EXERCISE :: Starting with the line below that holds "what happened on" and stopping after the line that holds "Мрамор в интерьере кухни", transcribe the lines exactly, leaving out all pictures.

DATA SHOWN ::
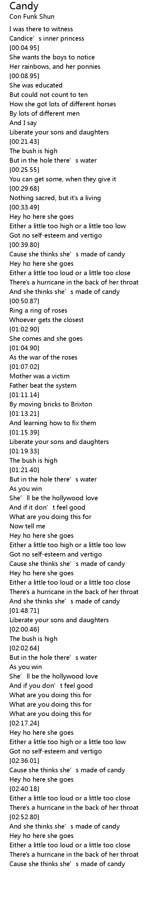 | [03:01.37] | Cause she thinks she’s made of candy |
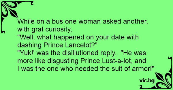 "Well, what happened on your date with dashing Prince Lancelot?"
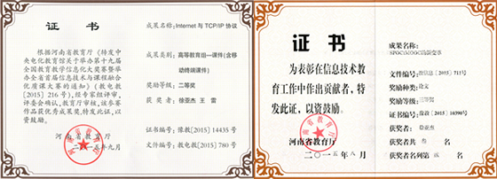 2015年度,经过大家的共同努力,现教中心在“河南省信息技术教育优秀成果奖”中有三项论文荣获三等奖,在“第十九届全国教育教学信息化大奖赛暨举办全省首届信息技术与课程融合优质课大赛”中有两项课件荣获二等奖,取得了可喜成绩。这些研究项目均要求以现教中心相关业务或技术范围为背景,以有效的提高工作效率或工作技能为目标来开展的。因此,达到了通过以开展科研工作来提升工作水平的目的。
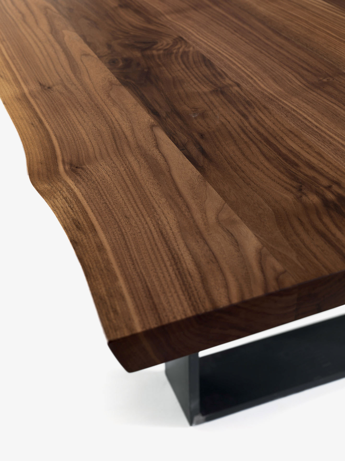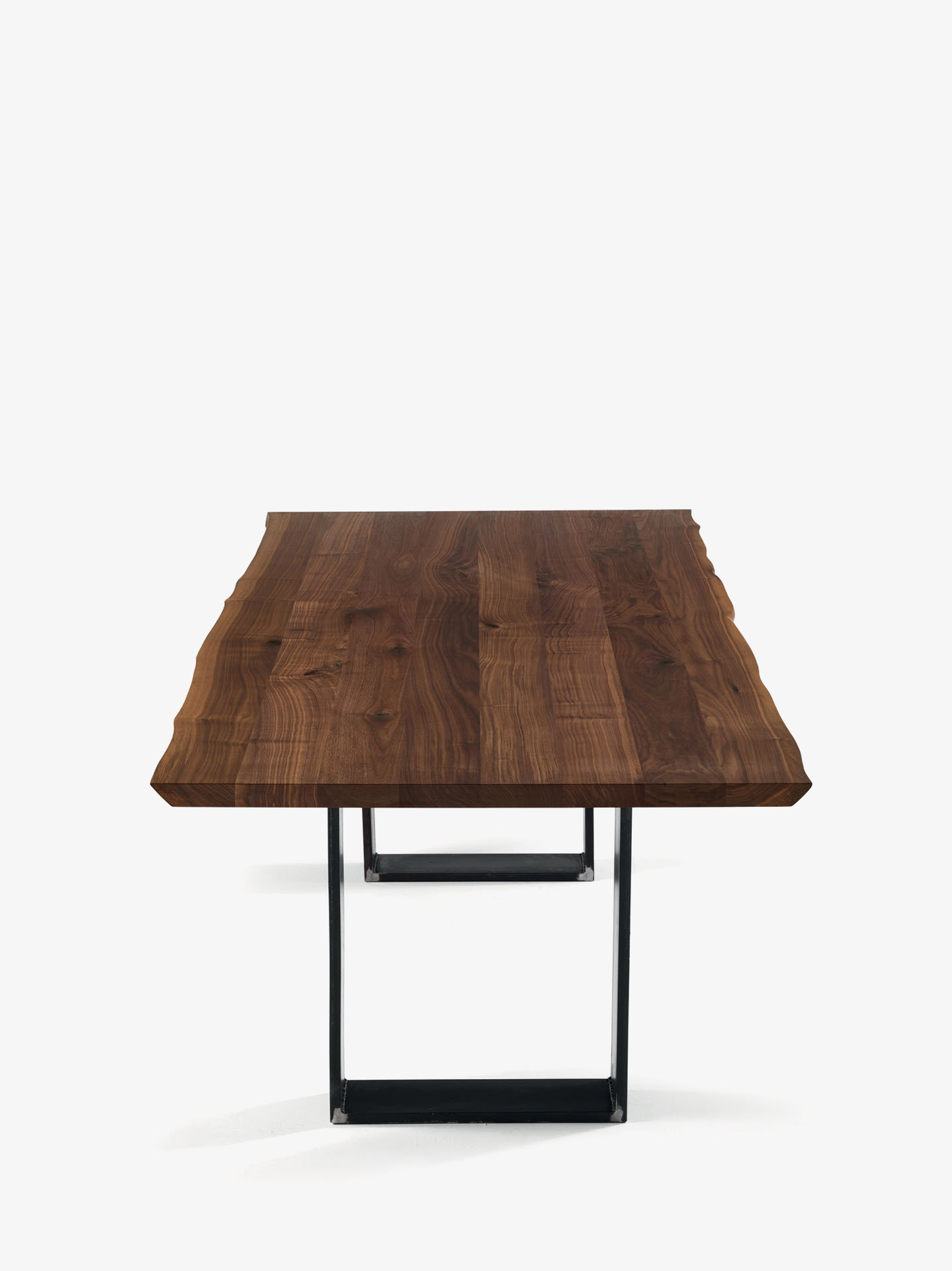 Tavolo con top in legno massello a liste incollate con bordi naturali, in abbinata a gambe in ferro.
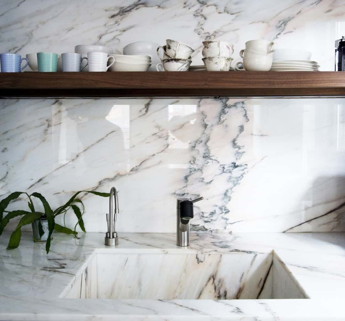 Мрамор в интерьере кухни
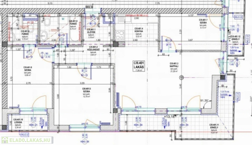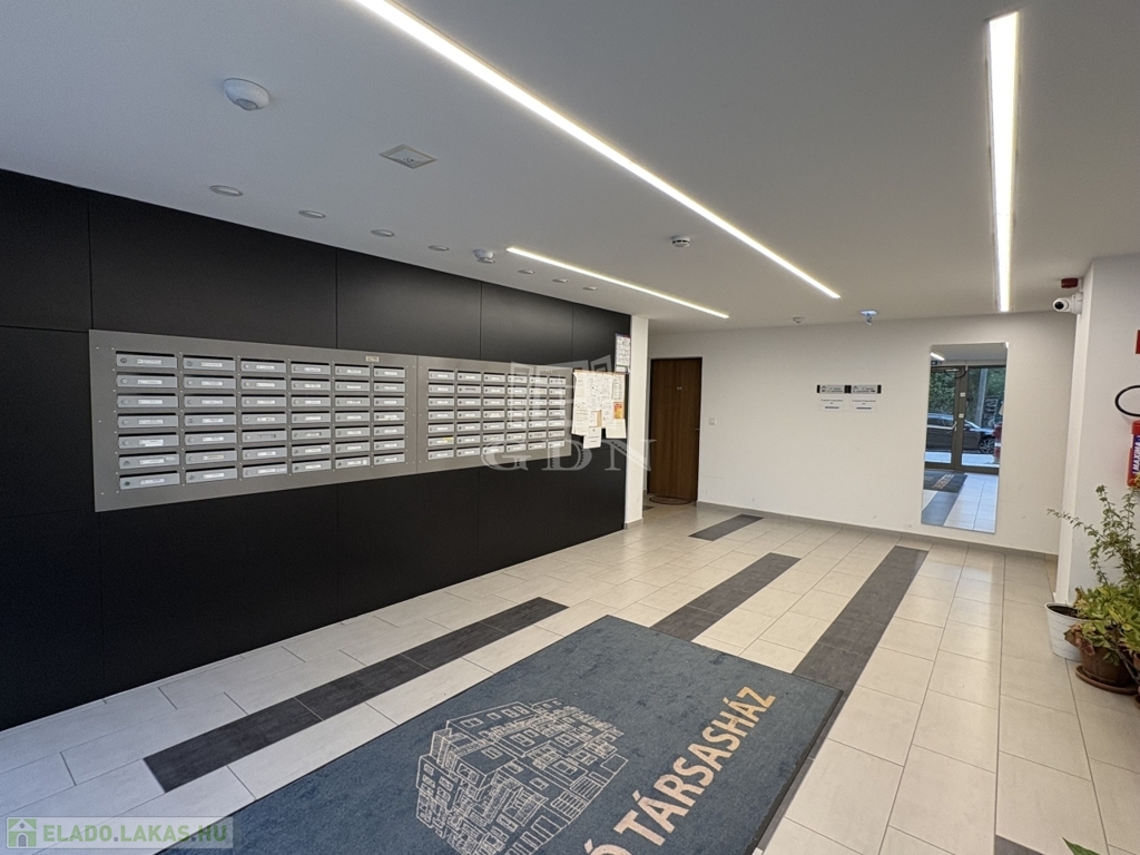 A lakás a 4. emeleten található egy 5 szintes társasházban, és összesen három terasz kapcsolódik hozzá, együtt 16 m² alapterülettel.
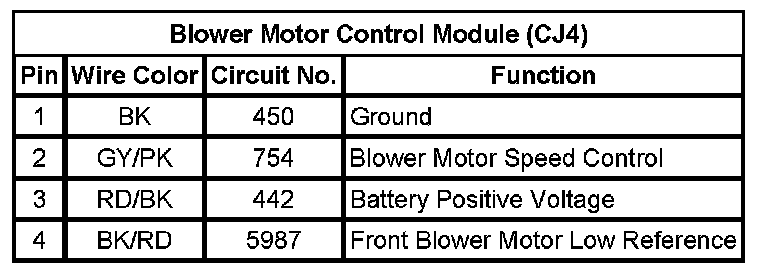 Blower Motor Control Module C1 (CJ2)
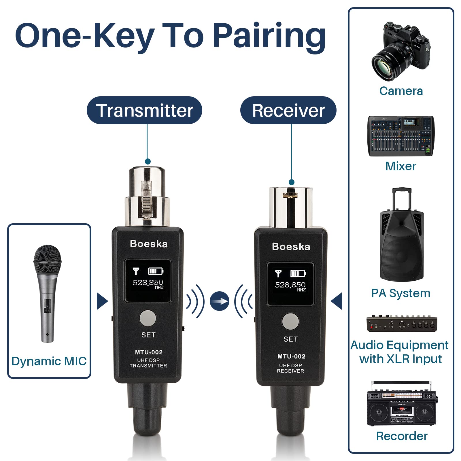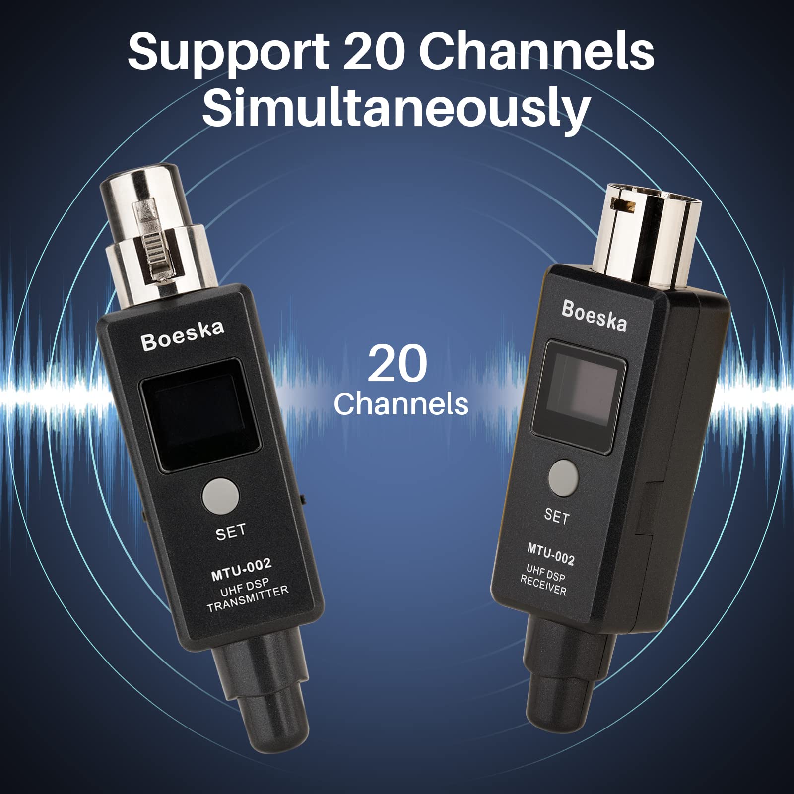 Support Multiple Adapter Pairing: A maximum support of 10 sets of wireless XLR receiver and transmitter systems simultaneously. And it can connect to 20 channels at the same time to ensuring each system operates on distinct channels

TASK RESULT ::
 "Well, what happened on your date with dashing Prince Lancelot?"
 2015年度,经过大家的共同努力,现教中心在“河南省信息技术教育优秀成果奖”中有三项论文荣获三等奖,在“第十九届全国教育教学信息化大奖赛暨举办全省首届信息技术与课程融合优质课大赛”中有两项课件荣获二等奖,取得了可喜成绩。这些研究项目均要求以现教中心相关业务或技术范围为背景,以有效的提高工作效率或工作技能为目标来开展的。因此,达到了通过以开展科研工作来提升工作水平的目的。
 Tavolo con top in legno massello a liste incollate con bordi naturali, in abbinata a gambe in ferro.
 Мрамор в интерьере кухни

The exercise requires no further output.